Please dont forget to rate the posts which answered your question or was helpfull

Regards
Surendra BG

Sorry to say--No, I still have the same problem.

The built-in card on my test laptop, which is a  three year old Dell Inspiron 1525 with a Dell 1395 Mini WLAN card, has never seen the 1124N SSID broadcasts no matter how I confgure encryption or speed on dot11radio0. When I switch the a newer USB based card, it always sees the 1124N.

Do you have any suggestions for me to try?

I've tried it both ways, with the default speeds and this

int dot11radio 0
speed basic-1.0 basic-2.0 basic-5.5 basic-11.0 6.0 9.0 12.0 18.0 24.0 36.0 48.0 54.0

but neither allows this Dell 1395 mini wlan card to see the 1142N.

When I use the alternate adaptor, it reports dot11radio0 as being in 802.11g mode.

What commands will put the radio into 802.11b mode?

The speed configurations is allowing the B-radio.. so no problem in the configurations, looks more like a client issue.. what happens if you download intel proset or any dricer and see what happens?? also make sure the client adaptor supports AES.. because i guess we have configured WPA2-AES

Regards

Surendra

Regards
Surendra BG

Thanks for your reply. Sorry for the confusion.

In order to eliminate any possible issues like AES or any other encryption, I temporarily configured the SSID I'm attempting to connect to as completely open--and it still is not seen by the Dell. The client does not even see the beacon.

My new client reports the beacon radio type as 802.11g.

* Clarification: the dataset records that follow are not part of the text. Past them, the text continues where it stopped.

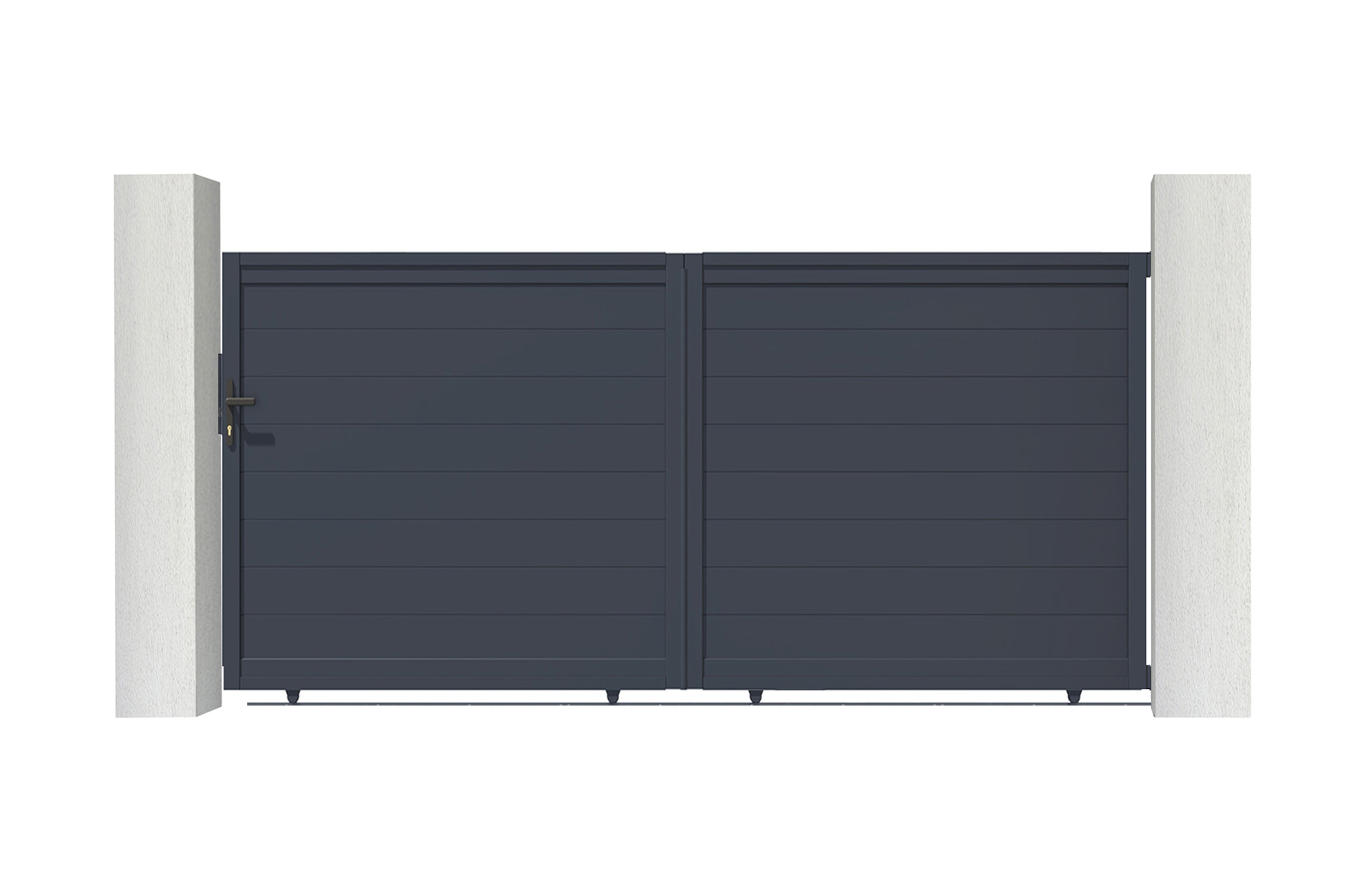 Portail coulissant plein EIGER en aluminium 3m x H. 140cm - Gris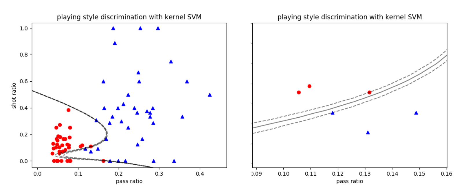 使用径向基核的支持向量机对曼城-西布朗数据集的分类结果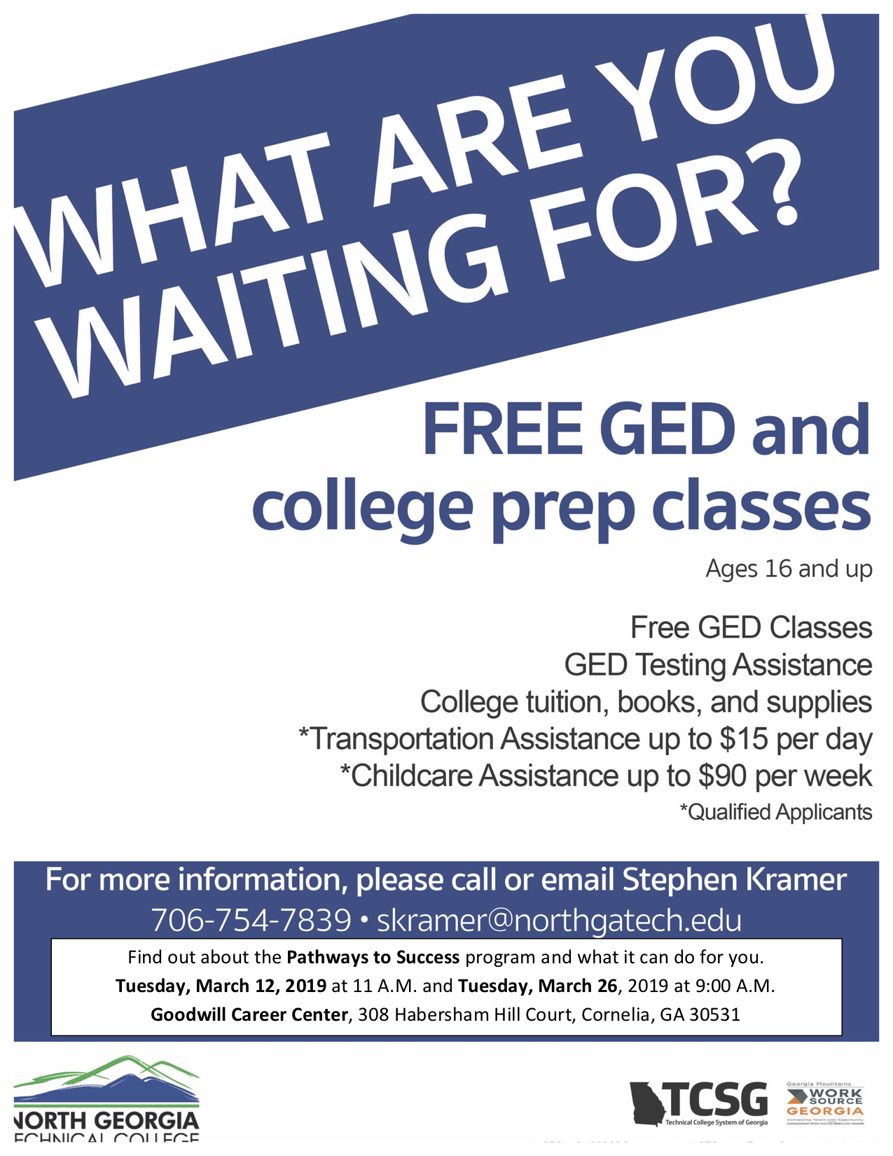 North Georgia Technical College is offering Pathways to Success for eligible young adults. Pathways to Success is a program that offers financial assistance to help qualified out of school youth, ages 16-24, obtain a GED, go to college, and get a job.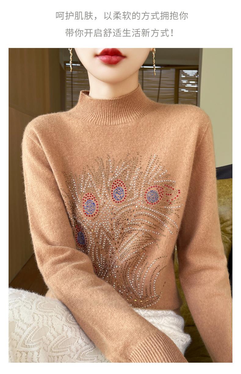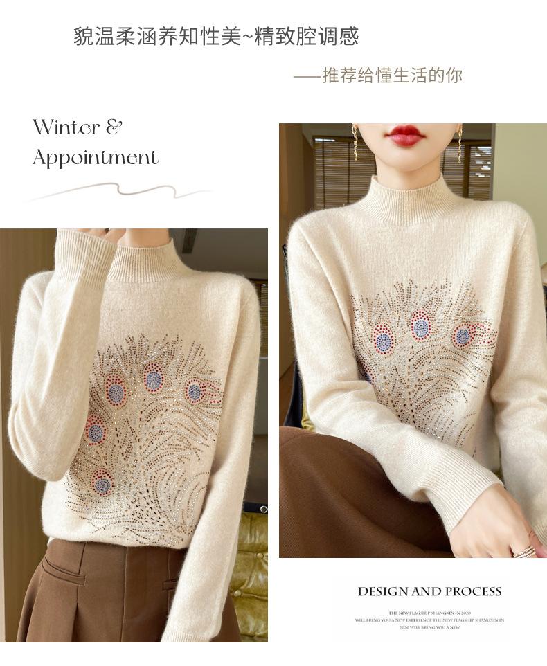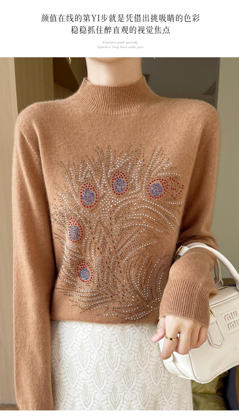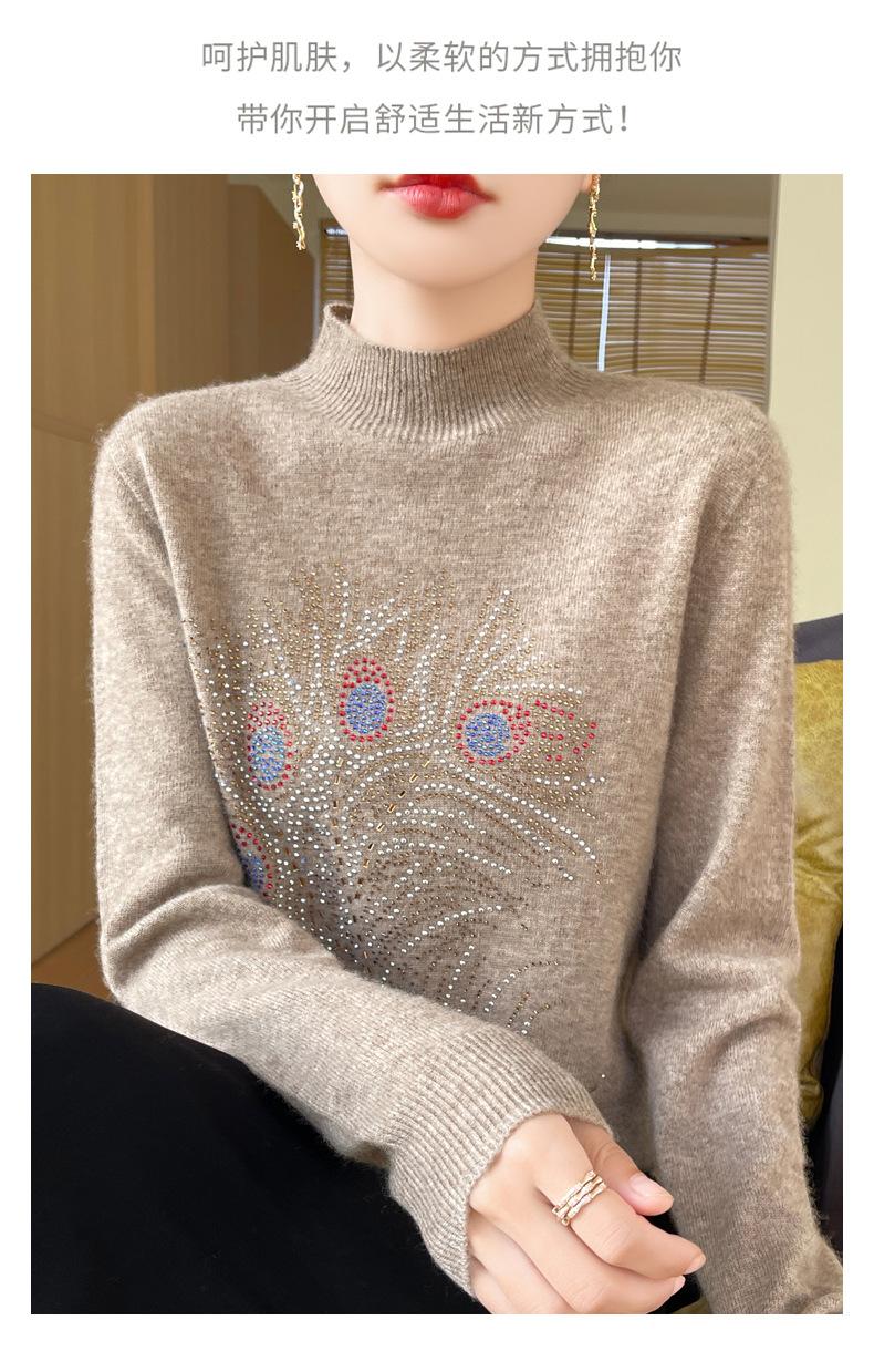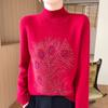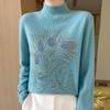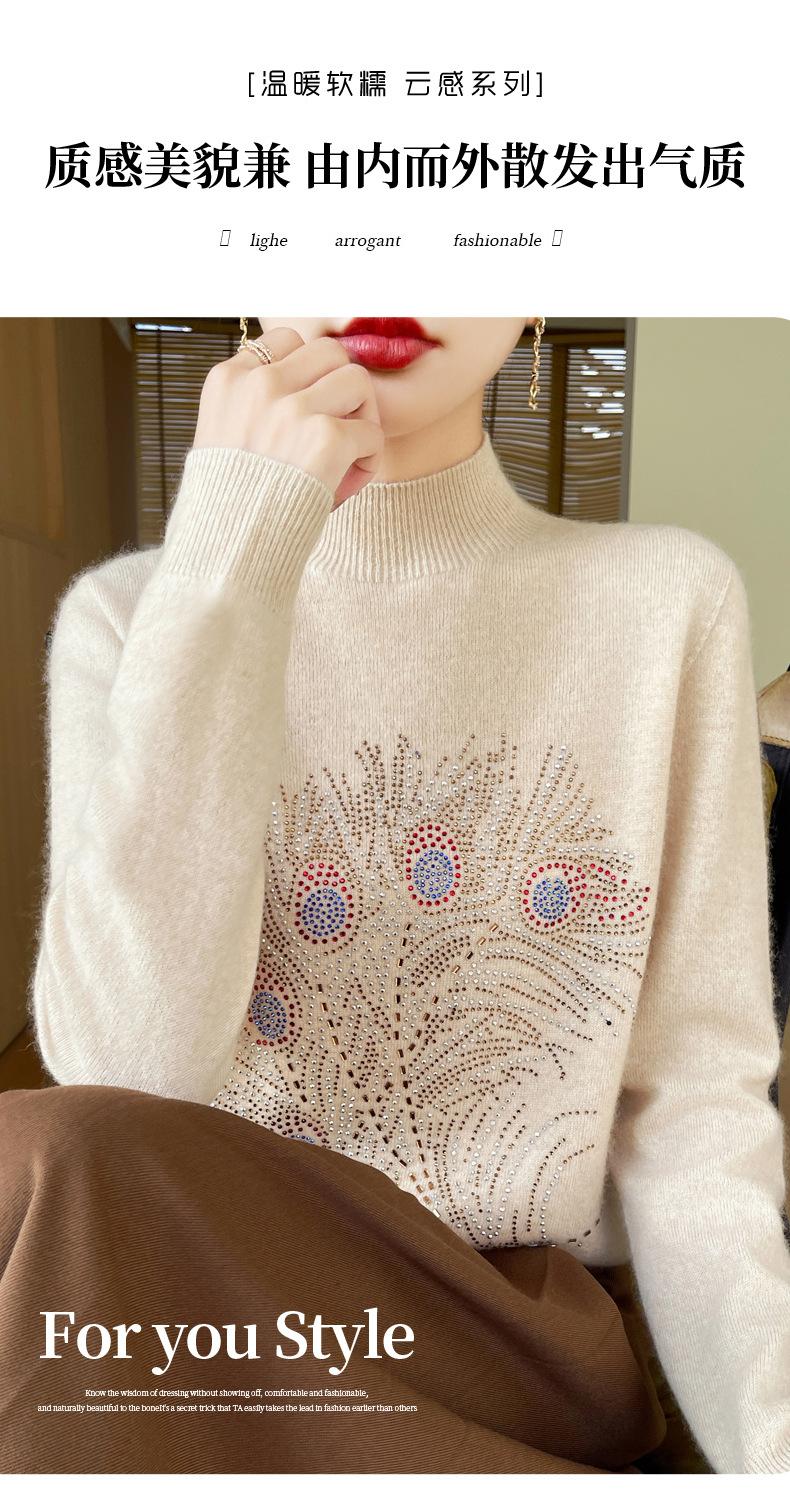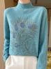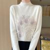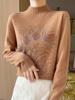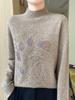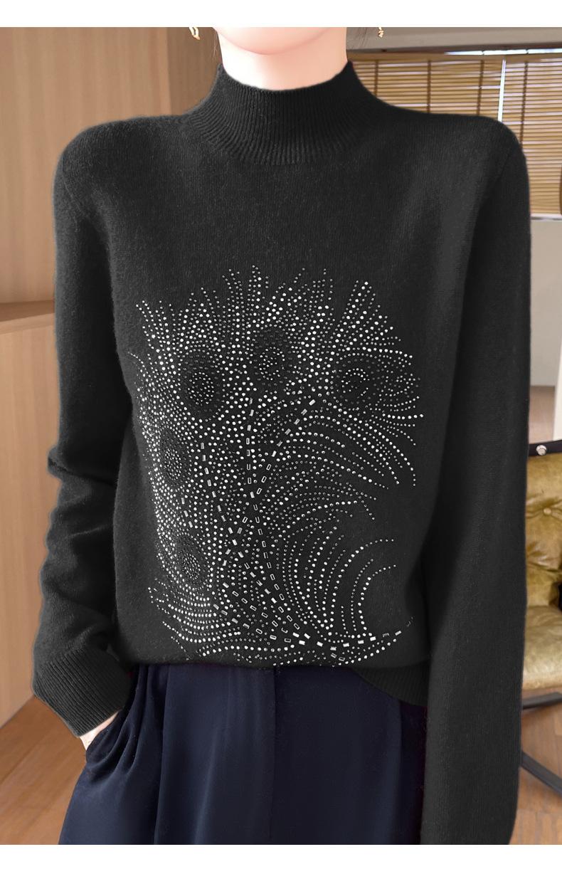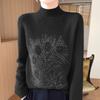 Otoño e Invierno Nuevo Suéter de Punto de Cuello Alto Medio para Mujer con Pedrería Termofijada, Holgado, de Manga Larga, Color Sólido, Casual, Sencillo, Base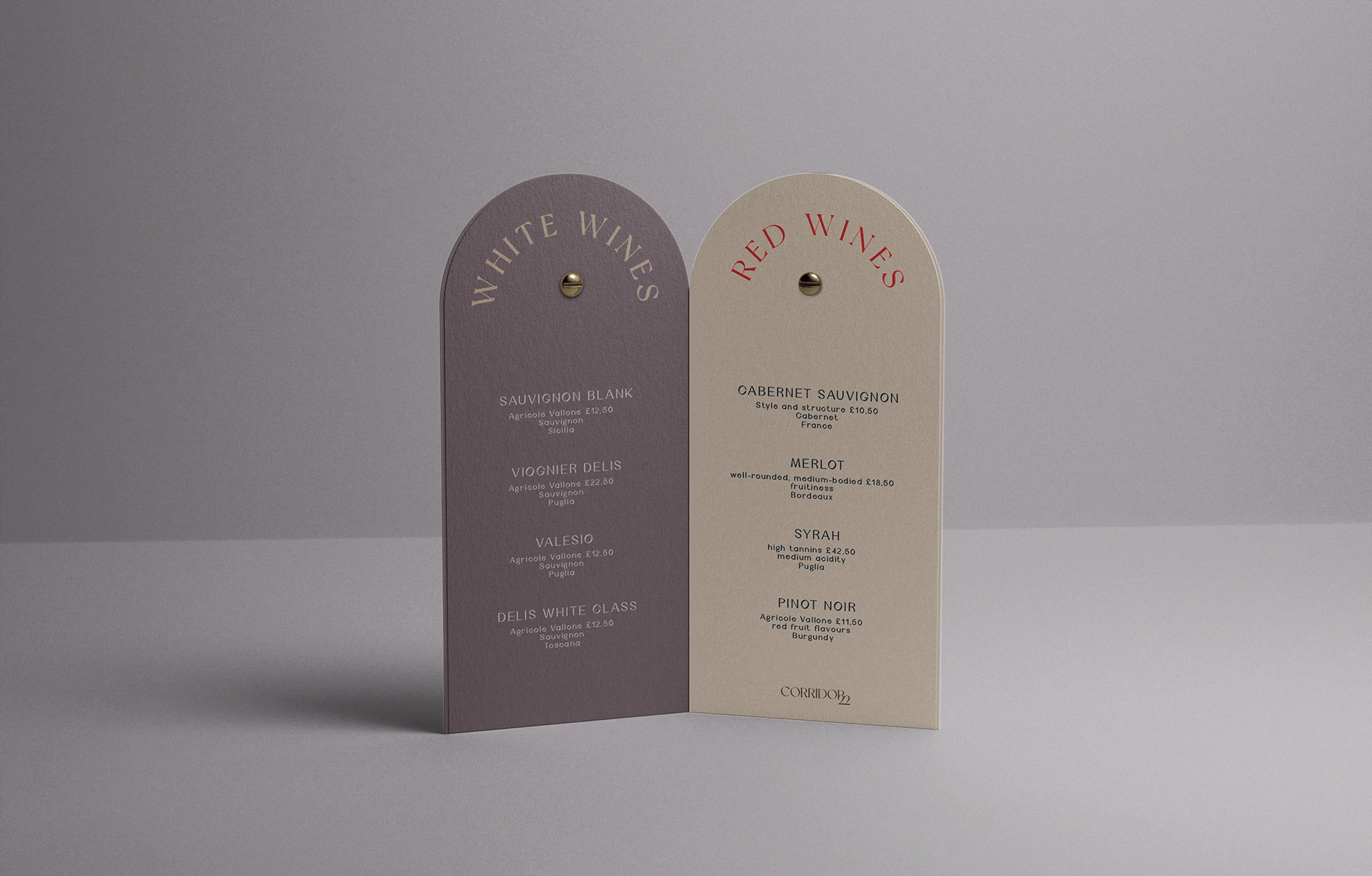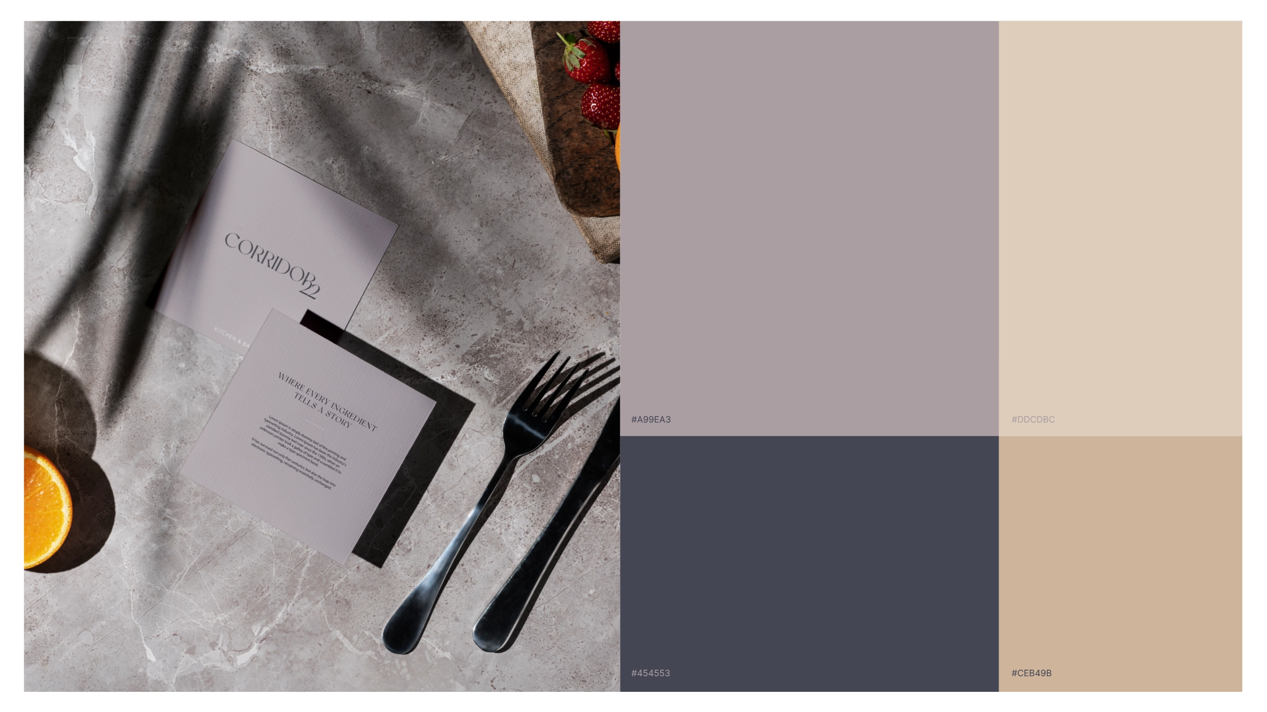 A sleek, minimalist font spells out "Corridor 22" in a timeless style, while the number "22" is subtly integrated, creating a unique and memorable touch.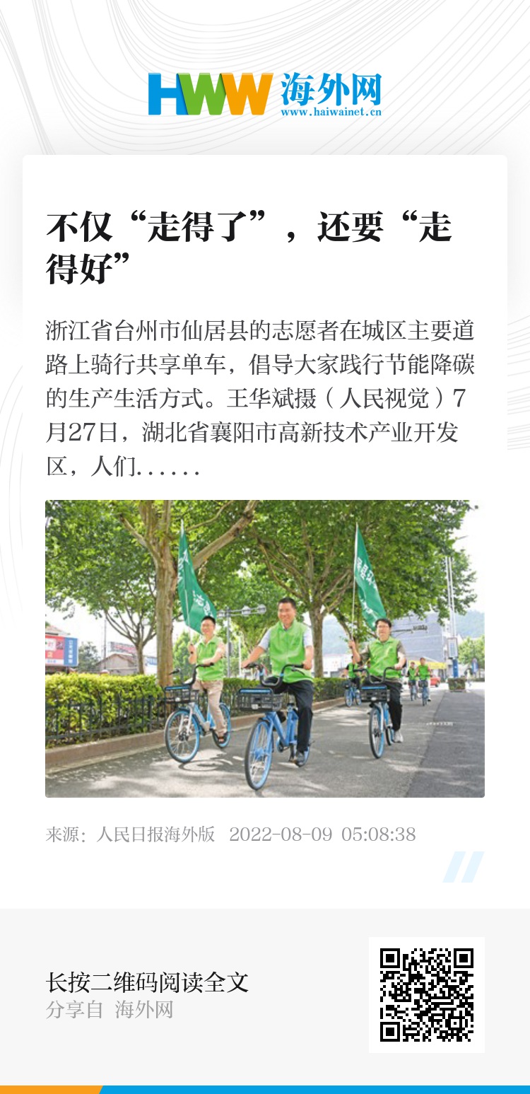 浙江省台州市仙居县的志愿者在城区主要道路上骑行共享单车,倡导大家践行节能降碳的生产生活方式。王华斌摄(人民视觉)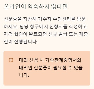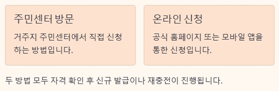 신청 방법 자체는 어렵지 않지만, 본인에게 맞는 방식을 선택하는 것이 중요합니다. 주민센터 방문이 편한지, 온라인 신청이 가능한지, 자동 재충전 대상인지 미리 정리해 두면 불필요한 시간 낭비를 줄일 수 있습니다. 주민센터 신청 절차와 온라인 발급 방법, 자동 재충전 조건을 묶어 정리한 상세 안내는 아래를 참고하세요.

I'm positve my older client does not support 802.11g. Is there any way to configure the radio so it appears to be a downlevel radio like 802.11b?

Please note my config has this SSID/VLAN combo on dot11radio0 alone with no others.

If this were purely a client issue, then this older Dell client would not be able to connect to my Checkpoint Z100G--but it can and has never had any problems there. Based on this experience, I don't believe it is purely a client issue.

The Intel Proset appears to be intended for Intel based adaptors, or at least I could not download it w/o one since it want to detect and update my Intel adaptor or leads to a manual download list where it does not exist.